MARCELO FONTENELE - No caso de crianças com sobrepeso ou obesas, o que pode auxiliar a nutrição para combater este problema?

DRA. LAYRA VIEIRA - O número de crianças com sobrepeso ou obesidade tem aumentado de maneira significativa. Isso preocupa muito os pais e familiares, já que junto a este quadro surgem doenças crônicas como hipertensão e diabetes que não eram tão presentes nessa faixa etária.
A melhor forma para combater esse problema é estimular a criança a levar uma alimentação saudável para que não sofra com a obesidade, necessitando ser balanceada e adequada com todos os grupos alimentares:

•    Energéticos (fornecem energia necessária para a realização das atividades físicas: pães, batatas, arroz etc.);
•    Construtores (formam tecidos e mantêm estruturas orgânicas: leite, queijos, carnes, frango, peixes, ovos, feijões etc.);
•    Reguladores (vitaminas e minerais: frutas, legumes e verduras).
A alimentação também precisa ser livre de açúcares, gorduras e muito sódio e pobre em frituras, alimentos gordurosos e alimentos com muita caloria vazia, ou seja, com baixo valor nutritivo, associado a uma pratica de atividade física.
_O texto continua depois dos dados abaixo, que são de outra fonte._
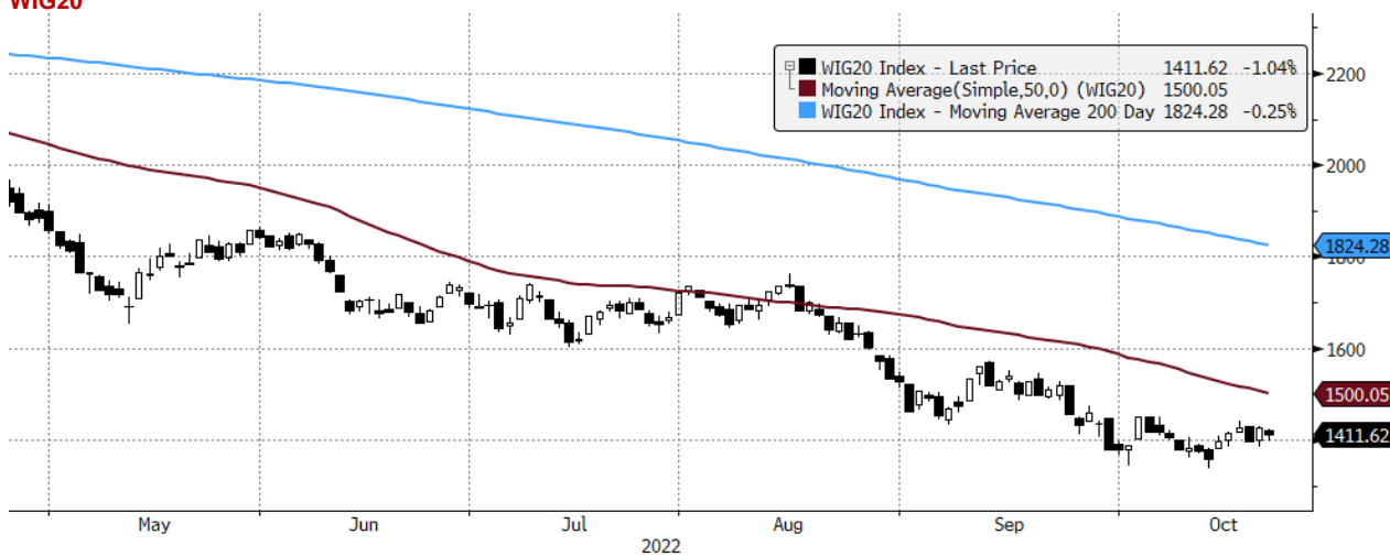
WIG20 Index (WIG20) graph 1550 Daily 24APR2022-24OCT2022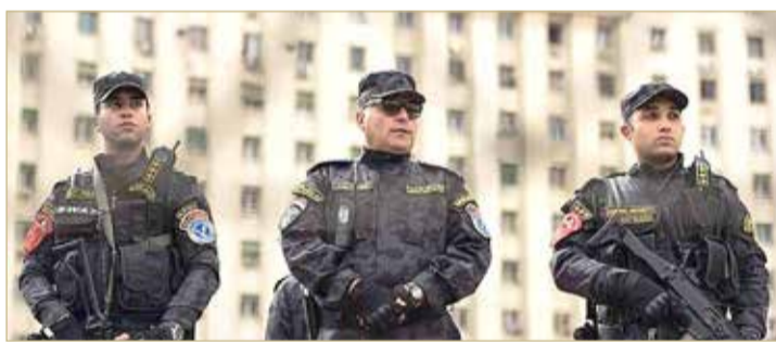
الشرطة عثرت بحوزتهم على مبالغ مالية وأدوات تخريبية

ألقت قوات الأمن المصرية القبض على 54 شخصا، بينهم أعضاء بتنظيم الإخوان الإرهابي، لتخطيطهم لتنظيم احتجاجات والقيام بأعمال تخريبية في ذكرى ثورة 25 يناير العام 2011، حسبما أعلنت وزارة الداخلية، أمس الثلاثاء. وأضافت الوزارة أن المجموعة كان يتزعمها قيادي إخواني مقيم في تركيا، وذكرت أنه "تم العثور بحوزتهم على مبالغ مالية وأدوات تخريبية تستخدم في أعمال الشغب".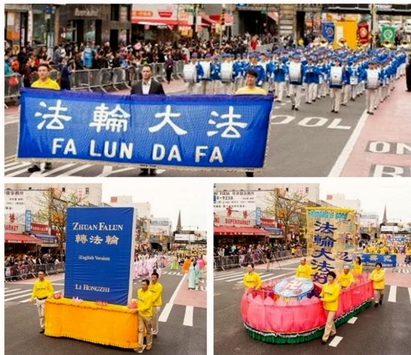
四二五 纽约法拉盛游行盛大登场

二零一六年四月二十三日（星期六），近千名法轮功学员在纽约最密集的华人社区——法拉盛举行了盛大游行，纪念“四·二五”和平上访十七周年。游行队伍分为三个大方阵，声势浩大，街道两边挤满了观看的民众。街道两旁的观众纷纷拿出手机拍照，许多观众赞美，表示反对迫害，支持法轮功。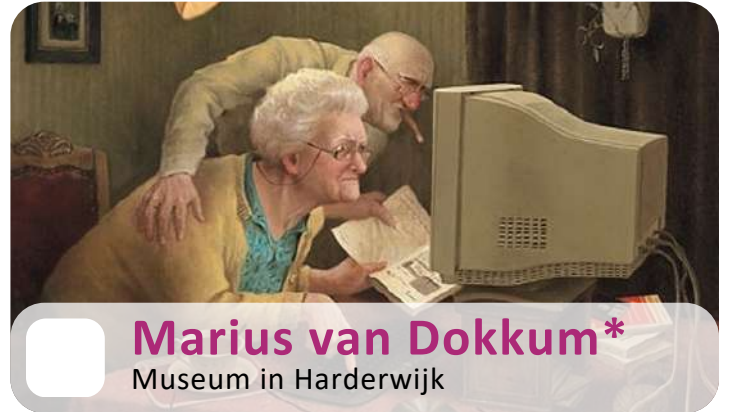
Marius van Dokkum* Museum in Harderwijk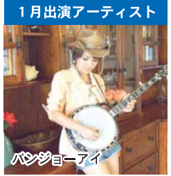
1月出演アーティスト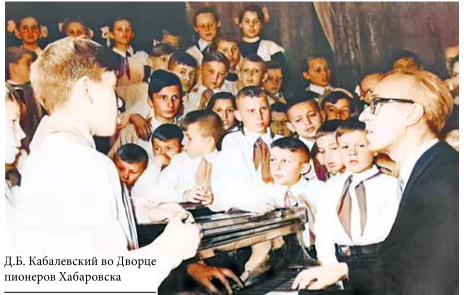
Д.Б. Кабалевский во Дворце пионеров Хабаровска

С того времени и завязалась переписка. «Москва, 8 сентября 1960 года. Дорогие друзья! Я часто и всегда с удовольствием вспоминаю о знакомстве с вашим обществом, беседах с вами, его участниками. И не только вспоминаю, но и рассказываю о том, какой хороший пример любви и интереса к серьезной, хорошей музыке подает ваша школа всем советским школьникам. Посылаю вам кантату Сергея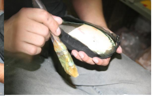
7 合わせ部分の接着 一乾燥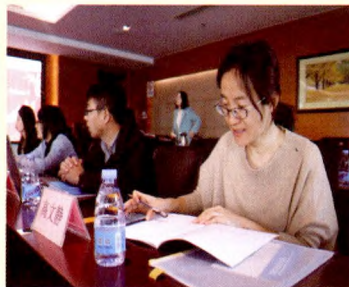
北京大学高文静副教授(右一)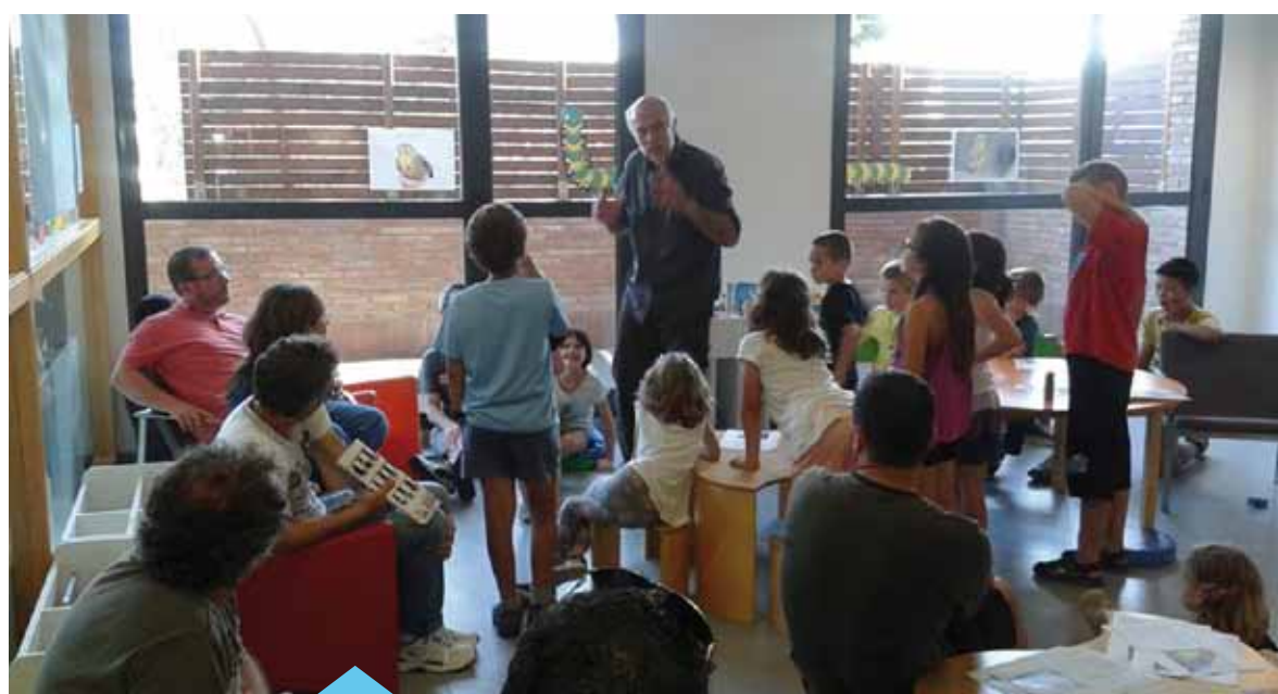
La biblioteca organitza diverses activitats per fomentar la lectura

Les inscripcions a aquestes activitats es pot fer a la mateixa biblioteca o telefonant al 93 751 01 45.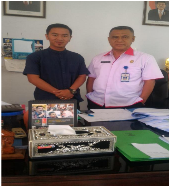
Pengambilan data (wawancara) dengan Sekretaris Dewan Kota Kotamobagu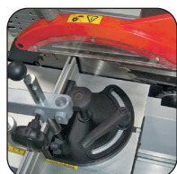
Schaafbank gemonteerd op 2 blokken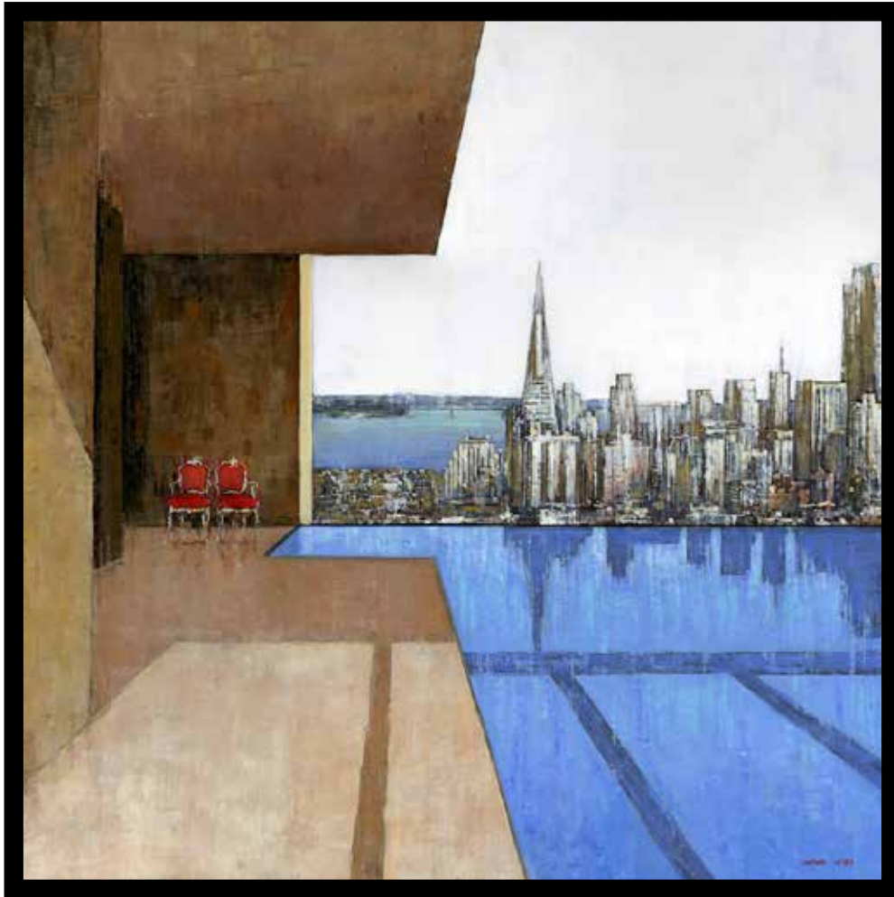
Vue sur San Francisco Technique mixte sur toile - Mixed media on canvas 100x100cm - 39x39in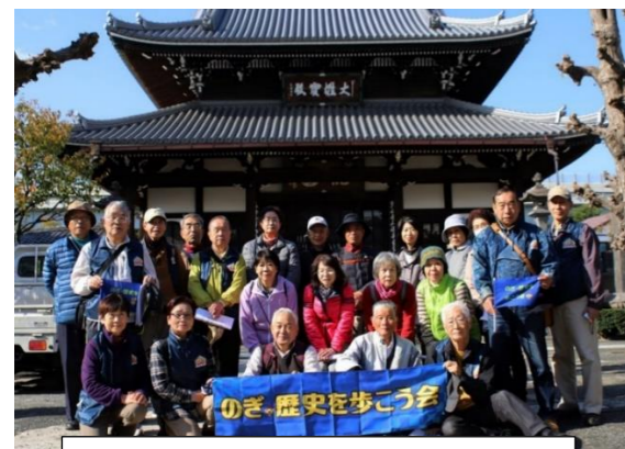
のぎ・歴史を歩こう会のみなさん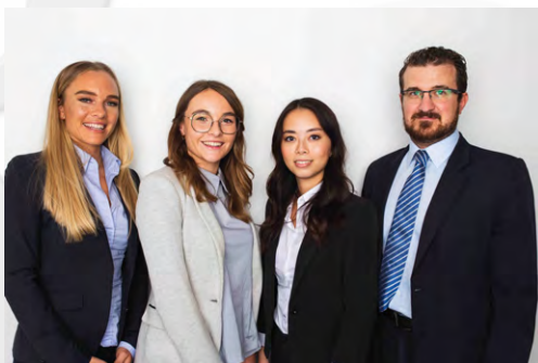
Team Linz der Poduschka Anwaltsgesellschaft

Untenstehend werden Sie direkt zu unseren sozialen Medien weitergeleitet.

MARCELO FONTENELE - Por fim, qual o seu recado para os pais que acham que cuidar da nutrição infantil é bobagem e como funciona o atendimento nutricional da criança?

DRA. LAYRA VIEIRA - Como já ressaltei nas respostas anteriores são diversos os motivos para cuidar da nutrição do seu filho, é na infância que os hábitos alimentares serão formados, e esses, seguirão por toda a vida. É nessa fase também que várias doenças começam a ser desenvolvidas, e por meio de uma alimentação equilibrada é possível evita-las e melhorar a qualidade de vida da criança. O atendimento consiste na avaliação nutricional da criança por meio de vários parâmetros.
Avaliação minuciosa do hábito alimentar e da rotina de vida (incluindo a rotina de alimentação na escola), para identificação dos pontos que devem ser mudados. Avaliação do histórico de crescimento e da curva de peso. Avaliação de exames bioquímicos (sempre solicitado em concordância com o pediatra responsável). Avaliação antropométrica (peso, altura), aferição das circunferências (com trenas antropométricas) e das dobras cutâneas (com o adipômetro). Somente após essa avaliação é elaborado um planejamento alimentar personalizado, que atende aos gostos, preferências e necessidades individuais de cada faixa etária.